Ia tertarik mendirikan Oracle pada tahun 1977 setelah terinspirasi dari paper karya Edgar F. Codd mengenai database system berjudul “Relational Model of Data for Large Shared Data Banks.”

4. Peter Jennings (1938 – 2005): Presenter Terkenal yang Tak Lulus SMA
 
Presenter terkenal ABC News ini sebenarnya tak lulus SMA. Jennings memulai kariernya sejak usia 9 tahun. Saat itu ia menjadi penyiar radio anak-anak di Kanada. Ayahnya yang juga penyiar radio CBC dan sedang bertugas di luar negeri berang ketika tahu anaknya jadi penyiar radio di tempatnya bekerja. Ayahnya memang tak menyukai nepotisme.

Kegiatan jadi penyiaran ciliknya tak lama.

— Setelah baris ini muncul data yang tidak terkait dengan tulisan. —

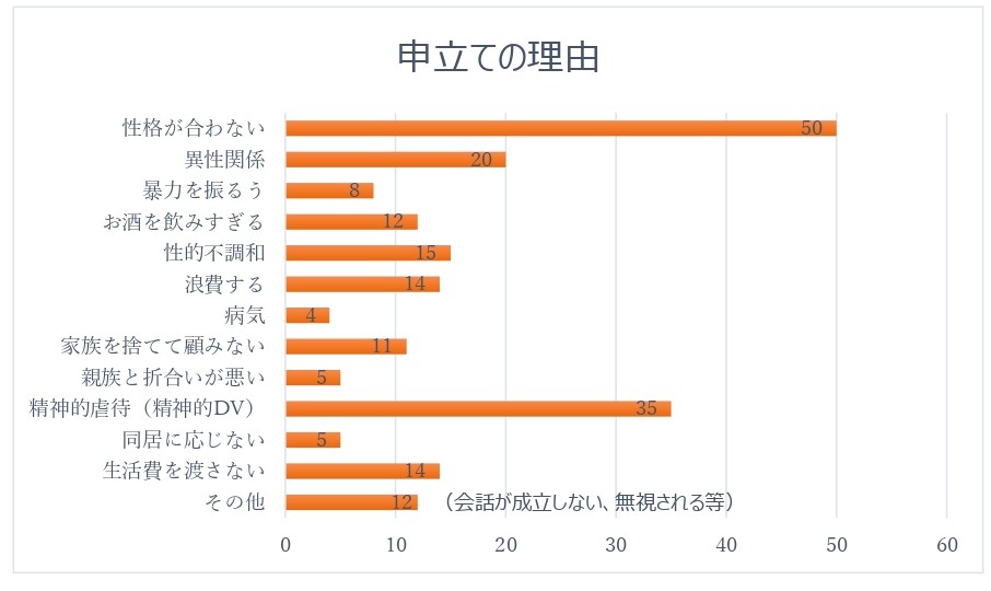 考察:家裁の離婚調停の司法統計に比べ、異性関係や暴力、生活費を渡さないといった割合が低く、精神的虐待の割合がやや高くなっています。暴力や不貞といった決定的な離婚理由はないけれど、いわゆるモラハラを理由とする申立てが多いと思われます。
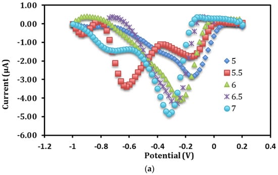 The redox behavior of proteins is often strongly dependent on the pH of the surrounding solution [11,13]. As Figure 5a indicates, the characteristic DPV peak potential of the FeIII/FeII redox couple of Hb was noticed to shift to more negative potentials with the rise in pH from pH 5.0 to pH 7.0, which correspond to the electron transfer reaction accompanied by the exchange of proton [7]. A reduction peak was perceived at about −0.6 V when the reaction medium was adjusted to pH 5.5, indicating that the immobilized Hb catalyzed the direct reduction of 1 mg L−1 nitrite at the electrode surface. The reduction peak at −0.6 V in 0.05 M potassium phosphate buffer electrolyte buffer (pH 5.5) was found to be the most dominant DPV signal for the direct electrochemistry of immobilized Hb on the poly(nBA)-rGO-SPE compared to other pH conditions (Figure 5b), hence pH 5.5 was used to quantify the concentration of nitrite in the subsequent experiments by DPV method.
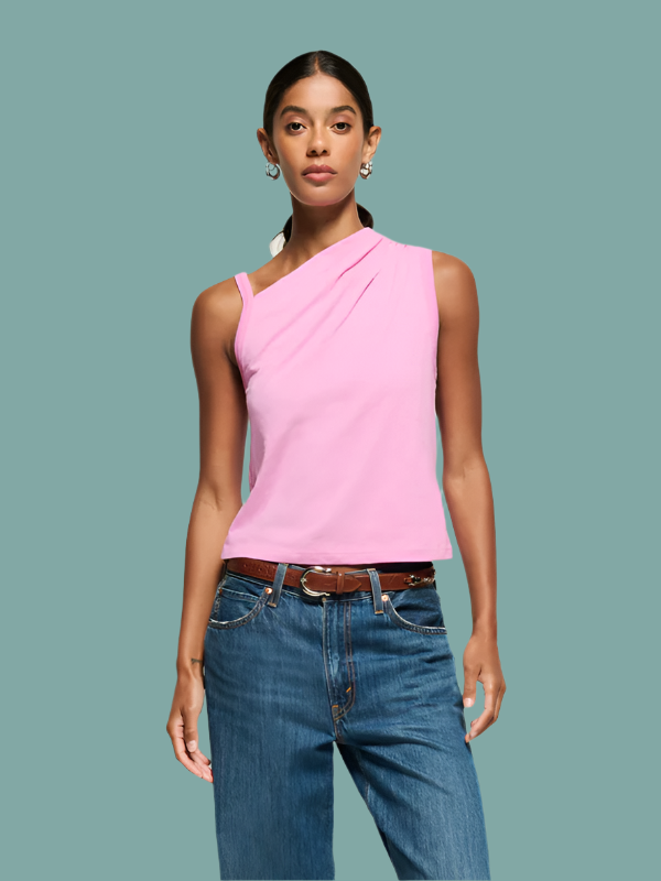 She’s chic and uncomplicated, meet the Quin Asymmetrical Tank. Made in a Pima Cotton, this asymmetrical silhouette features a single shoulder strap and elegantly gathered bodice. This one comes in Dahlia.
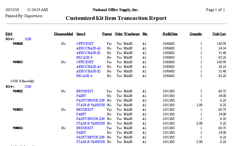 ![]() The Sales Order Line Item Report provides detailed information on each sales order or sales quote line items including the sales order numbers, customer numbers, order dates and source warehouses as well as the inventory items' numbers, units of measurement, order quantities, unit prices, discount rates, and net prices. This report is useful in reviewing the correctness of sales order or quote information and in determining the inventory items that are saleable during a specified period. You can generate this report only for sales orders or only for sales quotes. You can also opt to include in the report the sales orders on credit hold, freight charges, and sales tax amounts. You can also configure the report to show the kit formula; item description; item class, product line, and inventory type; an Upsell column that identifies whether the line item was included in the sales order as an upsell item; and show multi-currencies. You can also opt to display on a separate page each group of information based upon the chosen sorting option. Customized Kit Item Report
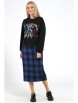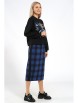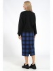 Юбка полуприлегающего силуэта книзу чуть заужена, на притачном поясе. Застёжка на тесьму-молнию по среднему шву спинки на потайную тесьму-молнию на петлю и пуговицу по поясу. Перед с боковыми частями выполнены из основной ткани (однотон) и талевыми выточками. Спинка со средним швом заканчивающаяся шлицей и талевыми вытачками.
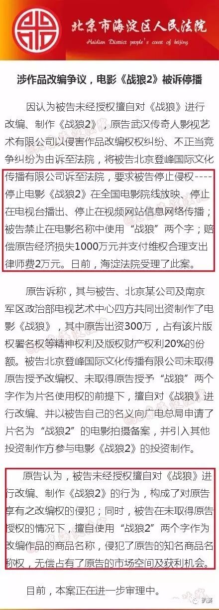 除了预告片抄袭,另一件事是《战狼2》被曝侵权了。
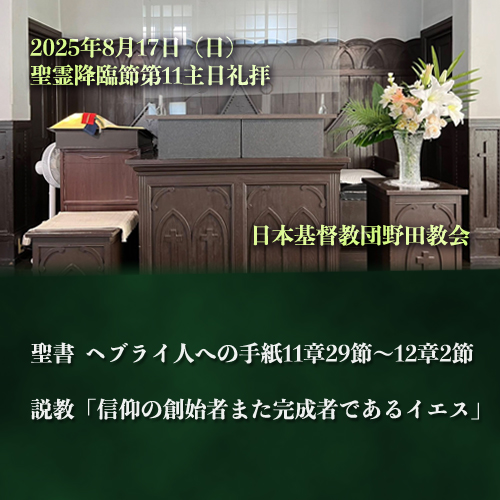 ※来週8月17日のCSは夏期学校になるため、いつもの9:15ではなく、 11:30開始となりますのでご注意ください。
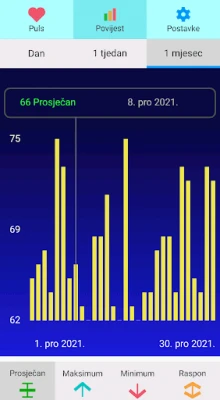 Bilo da ste posvećeni fitnessu i pratite zone otkucaja srca za sagorijevanje kalorija, oporavljate se nakon intenzivnog kardio treninga, ili jednostavno želite razumjeti svoj ritam nakon buđenja, ova aplikacija je vaš pouzdan suputnik. Posebno je vrijedna za osobe s dijabetesom, kardiovaskularnim oboljenjima, one pod stresom ili sve koji proaktivno brinu o svom zdravlju. Temeljita ispitivanja potvrđuju izvanrednu preciznost u mjerenju otkucaja srca u minuti. Aplikacija vam također pruža vizualni uvid kroz dinamički grafikon, pružajući jasniju sliku vašeg pulsa, različitu od složenih kardiograma.
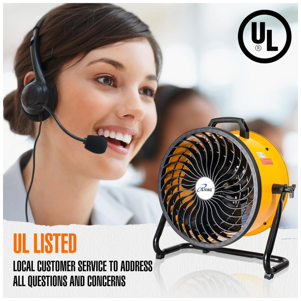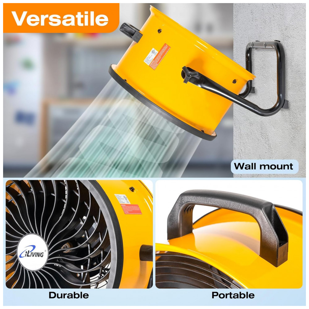 Ventilador iLiving ILG8TF16-DC Amarelo 397 cm 3 Velocidades Baixo Ruído 2687 CFM Motor 162W Portátil Piso/Parede Voltagem 110V

Peter lebih konsentrasi sekolah. Namun sekolahnya tak mulus. Malah ia sempat tak naik ke kelas 10. Menurut pengakuannya ia bosan belajar saat itu. SMA-nya pun tak tamat.

Ia sebenarnya ingin sekali menjadi penyiar seperti ayahnya. Namun kesempatan itu tak mudah ia dapat. Ia lebih dulu bekerja di bank dan sempat aktif di teater setempat.

Baru pada usia 21 tahun ia bisa meraih impiannya menjadi penyiar radio. Setelah itu kariernya terus menanjak dengan semangat autodidaknya yang tinggi hingga kemudian menjadi wartawan dan penyiar televisi kenamaan AS.

5. Anthony Robbins (50 tahun): Bekerja Sambil Belajar dari Pembicara Ternama
Ia hanya tamat SMA dan memulai kariernya dengan cara mempromosikan seminar yang diadakan Jim Rohn. Saat itu usianya baru 18 tahun. Ia memanfaatkan kedekatan dengan Jim Rohn untuk belajar “happiness and success life“. Tak heran jika ia tak segan menyebut Jim Rohn sebagai mentor pertamanya.

Pada usia 22 tahun, Anthony Robbins mulai belajar Neuro-Linguistic Programming (NLP) secara informal dari penciptanya, John Grinder. Setelah belajar dari tokoh lain yang juga secara informal, Robbins akhirnya bisa mengembangkan ilmu NLP menjadi ilmu baru yang disebutnya Neuro-Associative Conditioning (NAC).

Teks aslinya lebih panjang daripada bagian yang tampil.